You may be sitting on a gold mine and not know it.
In a study conducted by market research group TNS (formerly Taylor Nelson Sofres) and sponsored by online buy-and-sell website OLX Philippines, the collective Filipino household has P21 billion worth of unused but still functional items such as gadgets, home appliances, clothes, fashion accessories and cars.
Cameras, video cams and accessories are estimated at P1 billion, while old desktops, laptops and accessories could be worth up to P3.5 billion. Unused clothes could amount to P1.5 billion; CDs, disused VCDs and DVDs, P65.8 million; books and magazines, P153.9 million; kitchen appliances, P1.08 billion; furniture, P32.16 million; jewelry and watches, P708.95 million; artworks, P4.5 million.
“[The numbers] validate the claim that one man’s trash is another man’s treasure,” said Me-Anne Bundalian, head of business development, sales and marketing of OLX Philippines.
The study was part of OLX Philippines’ “Yesss, Yaman!” campaign that seeks to inform Filipinos of the potential moneymaking items in their homes. It launched the Yaman Checklist function on its website that allows users to identify and calculate the estimated value of their secondhand items.
“We want Filipinos to become active in selling,” said RJ David, co-founder and managing director of OLX Philippines. “We believe in decluttering our houses. Selling secondhand items is something that can improve your life—magbawas ng kalat sa bahay para umunlad ang buhay.”
The convenience of online shopping has made the medium popular the past few years. But how safe is the system? How do you guard against scammers?
Or, if you’re a seller, how can you tell the buyer is the real deal and not someone out to steal your product?
David offers a simple solution: Demand a meet-up with the seller or buyer. See the actual item and test it for any defects. That’s why, he said, OLX Philippines’ product searches work.
“In our eight-year experience, meeting the seller or buyer face-to-face prevents scams 99.5 percent of the time. We are not pushing the idea of somebody residing in Metro Manila to buy an item in Davao City.”
But if buying an item in Cebu, for instance, is inevitable, never ever send money through couriers. Scammers can easily acquire fake IDs so they can collect your money. Instead, David stressed you must deposit the payment in a bank account. The bank always has authentic records in its database.

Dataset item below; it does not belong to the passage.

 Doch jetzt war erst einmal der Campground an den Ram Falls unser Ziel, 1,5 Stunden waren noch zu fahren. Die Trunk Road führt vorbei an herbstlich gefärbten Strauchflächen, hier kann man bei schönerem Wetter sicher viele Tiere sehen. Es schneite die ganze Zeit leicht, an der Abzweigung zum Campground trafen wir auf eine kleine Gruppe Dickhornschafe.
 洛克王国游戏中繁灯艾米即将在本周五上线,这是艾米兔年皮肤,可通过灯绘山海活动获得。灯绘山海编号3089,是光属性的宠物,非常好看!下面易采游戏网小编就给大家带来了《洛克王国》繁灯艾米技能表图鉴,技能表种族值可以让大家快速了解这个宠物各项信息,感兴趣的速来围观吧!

“We never had problems about products not being shipped after the buyer made a bank deposit,” David said.
To protect yourself from a fraudulent transaction, David said it is prudent to follow the golden rule: If the price is too good to be true, it usually is too good to be true. There’s no way, for example, that a secondhand MacBook Pro will cost a mere P15,000. Listen to your gut-feel.
There’s also a feedback mechanism in the seller’s profile where buyers can check for reviews and rates. While this can also be fabricated, often larded with positive feedbacks by co-conspirators, David said OLX Philippines takes time to investigate reports of fake products on its site and take immediate action.

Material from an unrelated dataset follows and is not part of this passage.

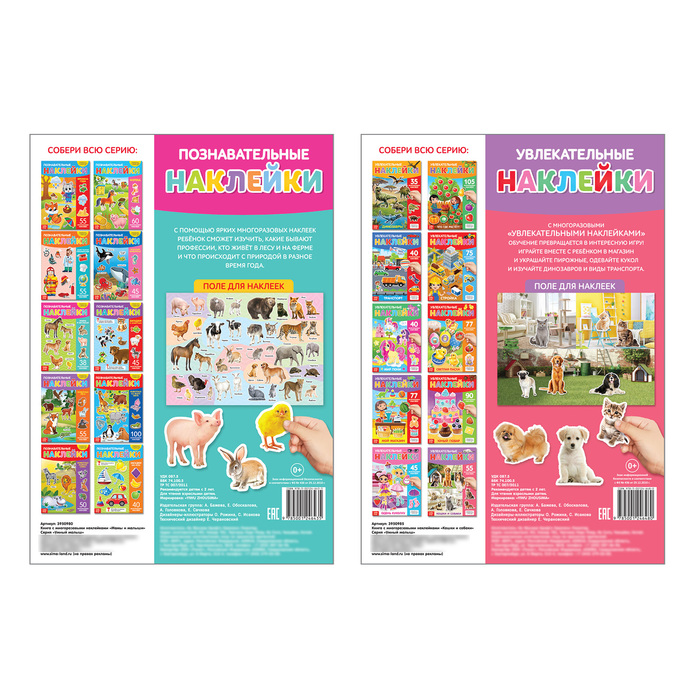 Набор многоразовых детских наклеек включает в себя 2 издания разной тематики: «Кошки и собаки» и «Мамы и малыши». Превращайте обучение в увлекательную игру и развивайте полезные навыки.

Bundalian added that in some cases, the buyers are the scammers. They ask for shipment of the item and never pay.
A typical private message from scammers—and this one has been copy-pasted by practically all of them—often goes like this: “Your selling price is OK with me. I want this for my late brother’s son as a surprise gift. And I want this to be sent directly to his location. I am willing to pay your asking price for the unit, and extra 4K for the shipping fee directly to him via shipping company like DHL and Airmail. So if you are OK with my offer get back to me right away. Bless.”
David said, “Our system can track scam messages. We believe our system is intelligent enough to screen even private messages. But we can’t control all. Buyers must also be aware of how these scams operate.”
Formerly known as Sulit.com.ph, OLX Philippines is the result of David’s decision last March to link with the more renowned OLX brand. And, while Sulit was popular for its business-to-consumer sellers, OLX Philippines is now geared toward tapping the consumer-to-consumer market.
The result of the change has led to a spike in online traffic. David said items sold from March to September more than doubled compared to the same period last year; while August to September this year saw 500,000 new entries for secondhand items compared to only 200,000 last year.
“Our goal is to create one million new sellers. Right now we have close to 600,000 new members,” he said.
OLX Philippines now has an app where you can buy and sell items directly from your mobile phone, available for both Android and iOS users.
Traffic to its site is 50 percent from mobile phones or tablets. He said that in two years, these will make up 90 percent of its traffic.
“We are targeting the moms and grandmothers. Just take a photo of the item from your mobile, put a title, price and a short description, and you’re done,” David said.